Perhaps the best you can do is look at your code base with an eye for the single responsibility principle. One of the main reasons that that the autonomous view (and winforms, which fosters it) is so difficult to test, is because developers tend to lump everything together in an event handler.
Take this question on SO - https://stackoverflow.com/questions/16599778/asp-net-mvc3-linq-make-multiple-related-rows-fields-in-a-1-to-many-relationshi, it's about MVC3, but it's a total mess - one method that is responsible configuring the gridview, configuring the response, and retrieving the data to populate the gridview. It's tough to even know where to begin to answer the question, let alone write any reasonable (read: concise & fast to execute) tests to ensure the solution works.
If you can carefully go through your code, and carefully encapsulate all of the business logic and/or integration points into services/components/interfaces (and implementations), preferably in separate assemblies outside.
Once you have broken everything the logic into separate components each focused on it's own concern you can write tests for then to ensure that they perform the task they are meant to, without having to test any other part of your application, these will be your services. You want to shoot for each service type to be an interface backed by an implementation.
After you have all of these different projects and assemblies written and tested, you introduce them back into your application using inversion of control (a form of dependency injection). This further decouples your UI from the various business logic that your application is meant to perform. The dream here, is that you will get to a place where, when you are ready to rewrite the UI, you can reuse the business logic components that have already been written and tested.
I'm thinking that the winform class will have a constructor that accepts many arguments (a mix of the various services discussed above). The DI framework will be responsible for providing the services to the winform class. After that, ideally, your winforms event handlers will be relatively small, simply calling service methods with parameter values collected from the various form fields.
Here's a post on using Castle Windsor (a dependency injection framework) with winforms: Using Castle.Windsor with Windows Forms Applications. There are many different DI frameworks, I use Castle Windsor because it's the one I learned first, they all do essentially the same thing, so, all you need to do is find one you are comfortable with.

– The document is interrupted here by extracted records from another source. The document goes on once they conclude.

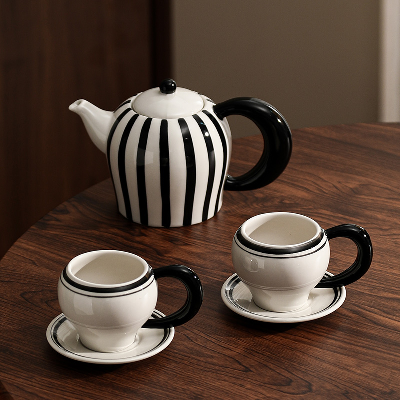 Elevate your tea time with the Luxury European Ceramic Tea Set, a stunning blend of classic artistry and modern style. Featuring a bold black and white striped pattern, this exquisite set instantly becomes the centerpiece of any table. Each piece is crafted from high-quality ceramic, offering a smooth, glossy finish that radiates sophistication and charm. Whether you’re hosting an elegant afternoon tea or enjoying a quiet moment at home, this set adds a refined touch to every sip.
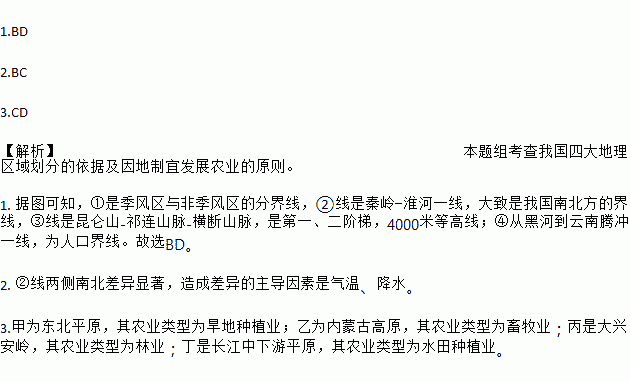 1.BD 2.BC 3.CD 【解析】 本题组考查我国四大地理区域划分的依据及因地制宜发展农业的原则。 1. 据图可知,①是季风区与非季风区的分界线,②线是秦岭-淮河一线,大致是我国南北方的界线,③线是昆仑山-祁连山脉-横断山脉,是第一、二阶梯,4000米等高线;④从黑河到云南腾冲一线,为人口界线。故选BD。 2. ②线两侧南北差异显著,造成差异的主导因素是气温、降水...
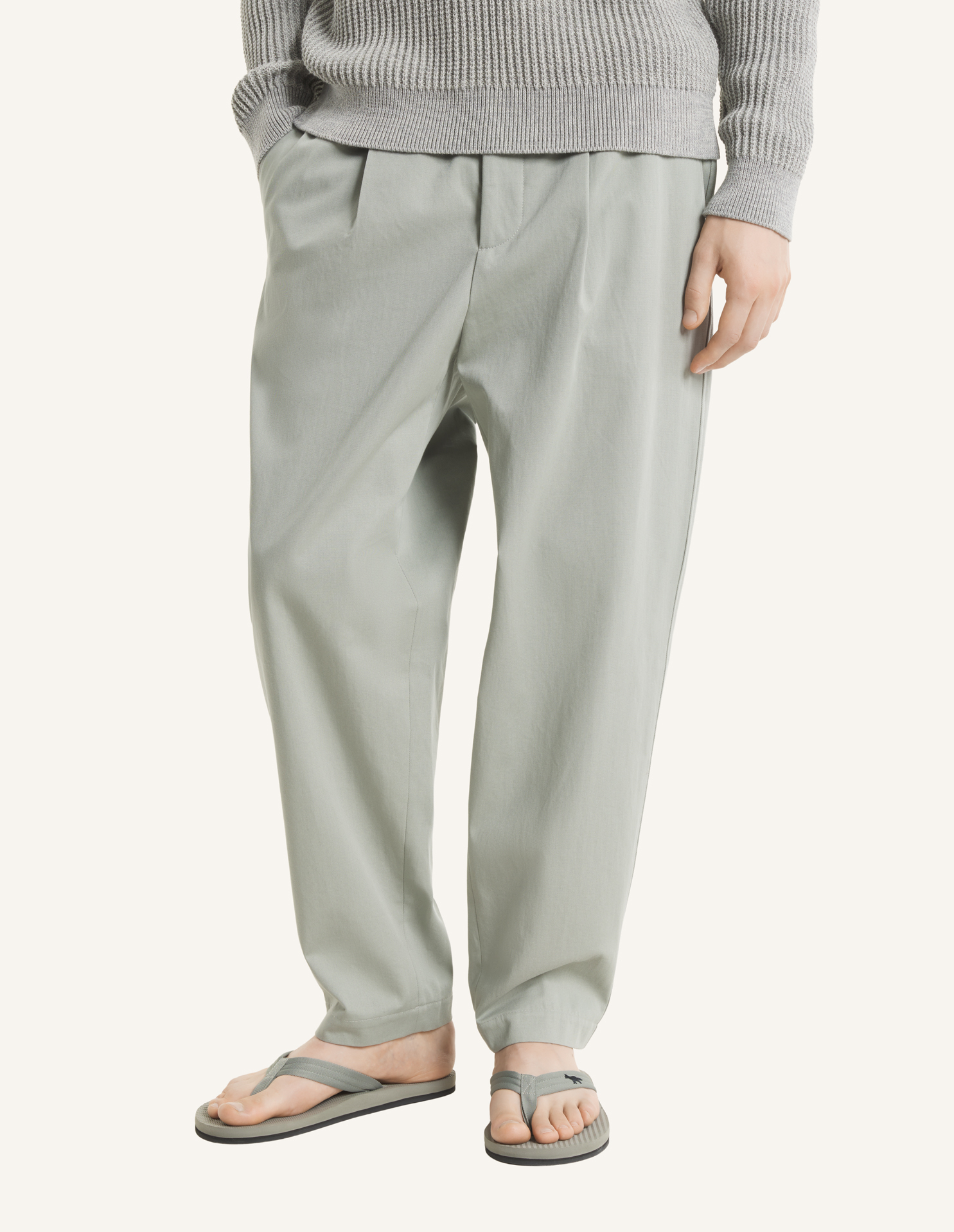 • Elasticated pleated pants in washed light canvas
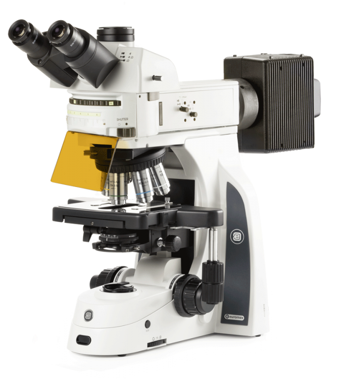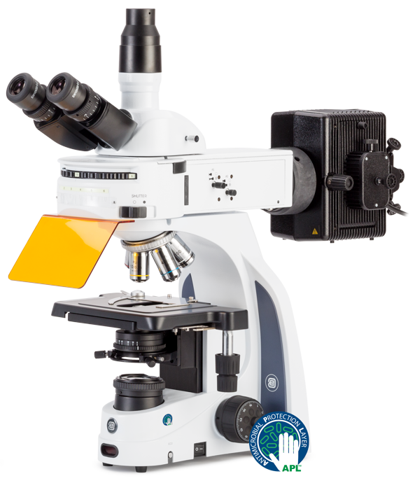 The fluorescence attachment of the Achios-X Observer™ is equipped with a 4-positions rotating mechanism that can be used to select between any of the 3 filter sets and brightfield (transmitted light). It is supplied with 3 dedicated LED sources to match the supplied fluorescence long pass filter sets for B, G and UV excitation
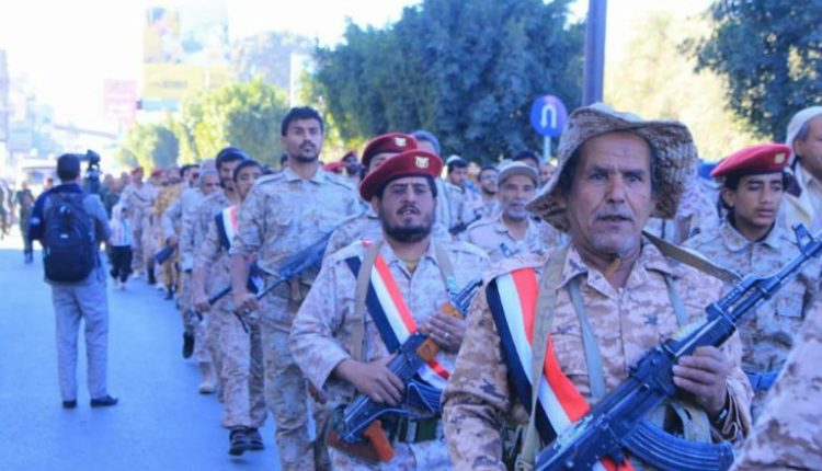 ونددوا باستمرار أعمال القرصنة البحرية واحتجاز سفن المشتقات النفطية من قبل تحالف العدوان مما يضاعف من حالة المعاناة الإنسانية للشعب اليمني وعقب العرض العسكري أدى المشاركون فيه قسم الولاء.
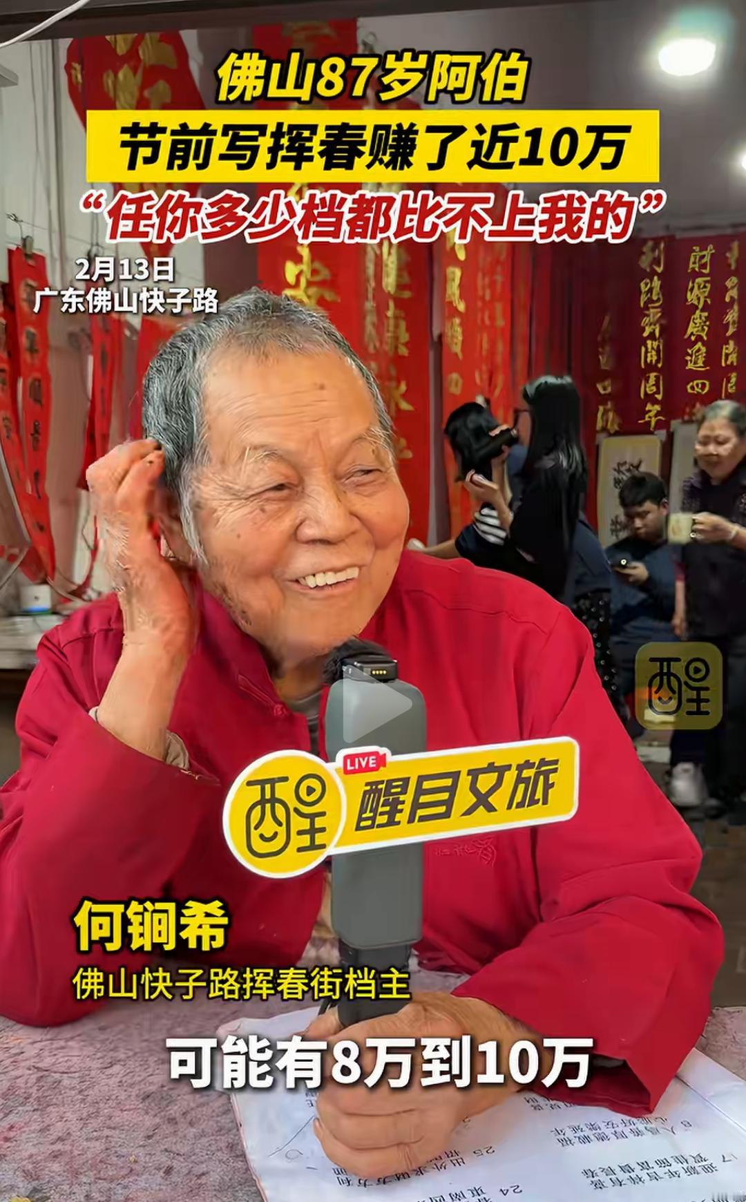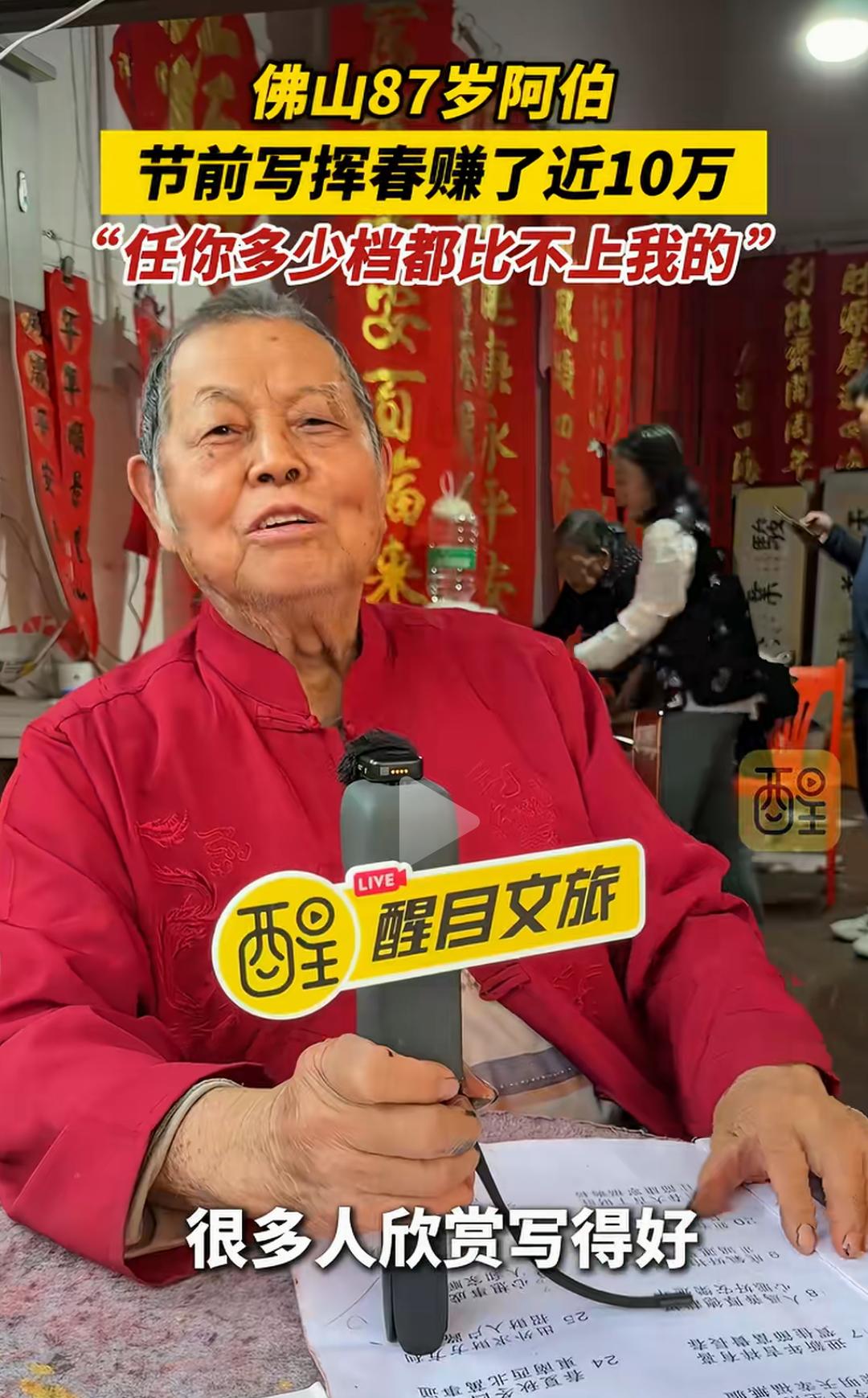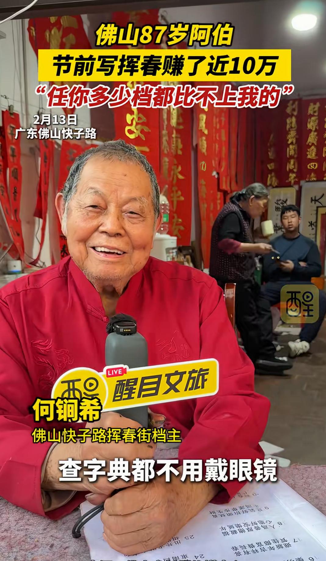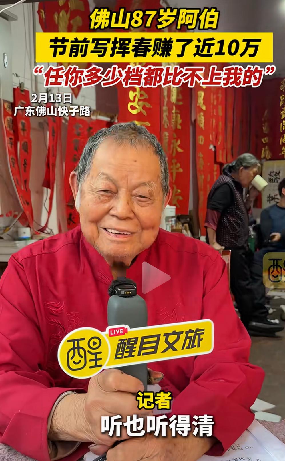 佛山87岁阿伯节前写挥春赚了近10万,自信“任你多少档都比不上我”的背后,隐藏着一段令人动容的人生故事,也折射出传统手艺的坚韧与魅力。这个年近九旬的老人,用一支毛笔和一颗热爱传统文化的心,书写的不仅是春联,更是一份跨越年龄、超越时代的坚持与自信。 你或许会觉得,87岁的老人还能靠写春联赚大钱?这是不是传统行业的“奇迹”?但真相远比表面更令人震撼。这位阿伯,几十年来坚守在那条熟悉的街巷,用心用情写下每一副春联。每一笔都饱含岁月的沉淀和对生活的热爱,他用一份坚持守护着一份文化的传承。节前的热闹市场,他的摊位总是人头攒动,不仅因为技艺,更因为那份真诚。 “任你多少档都比不上我”,这句话不仅是对自己技艺的自信,更像是一种对传统的坚守。如今,很多年轻人追逐潮流、追求新奇,似乎逐渐远离了那些历经岁月洗礼的手艺。而他,用实际行动告诉我们:真正的价值,是经过时间打磨的底蕴,是用心传递的温度。 赚了近10万,这个数字在很多人眼中或许微不足道,但在传统手艺人中,却是难能可贵的成就。更重要的是,这背后是他几十年的坚守,是对文化的热爱,是对生活的执着。这份收入,也许不及某些行业的“暴利”,但它代表了对一门技艺的尊重和传承的意义。 这个故事,激起了许多人的共鸣。我们身边,是否也有像他一样的“坚持者”?他们或许没有华丽的光环,却用一份执着守护着一份文化,用一份热爱温暖着身边的人。或许,我们也该反思:在快节奏的生活中,是否还能坚持那份初心?是否还能用心去做一件事,哪怕它看似微不足道? 更令人敬佩的是,他的自信不仅来自于技艺,更来自于对生活的理解和对传统的热爱。年龄不是障碍,而是人生阅历的积累;坚持不懈,才是真正的“档次”。他用行动告诉我们:只要心怀热爱,任何年龄都可以创造属于自己的奇迹。 这个春节,除了红包和烟花,也让我们多一些对传统的敬重和传承的思考。也许,下一个“春联大师”,就是你我身边的某个人,只要我们愿意用心去守护那份热爱。 看完这个故事,你是不是也被激励了?是不是也想拿起笔,写下一副属于自己的春联?别忘了,岁月可以带走青春,却带不走那份坚持和自信。让我们为这位87岁的“春联大师”点赞,也为每一个在平凡中坚持梦想的人点赞!因为,真正的价值,从不在于年龄,而在于那颗永不言弃的心。广东手写挥春

Here is a separation of concerns tutorial that is based on a web application, but should be instructive as to how to identify & refactor services out of an existing 'kitchen sink' application.
This answer is turning into a book, and it's all very abstract. The main thing is you need to think about application as a set of lego blocks that you combine to produce functionality (each block is a concern), and the UI is simply the glue that holds the blocks together (that analogy isn't perfect).
Really, it's more art than science, but you can train your mind to look at problems in that manner, and once you do, programming, in general, becomes a lot easier. The curve is a bit steep, but, keep at it and you will get there.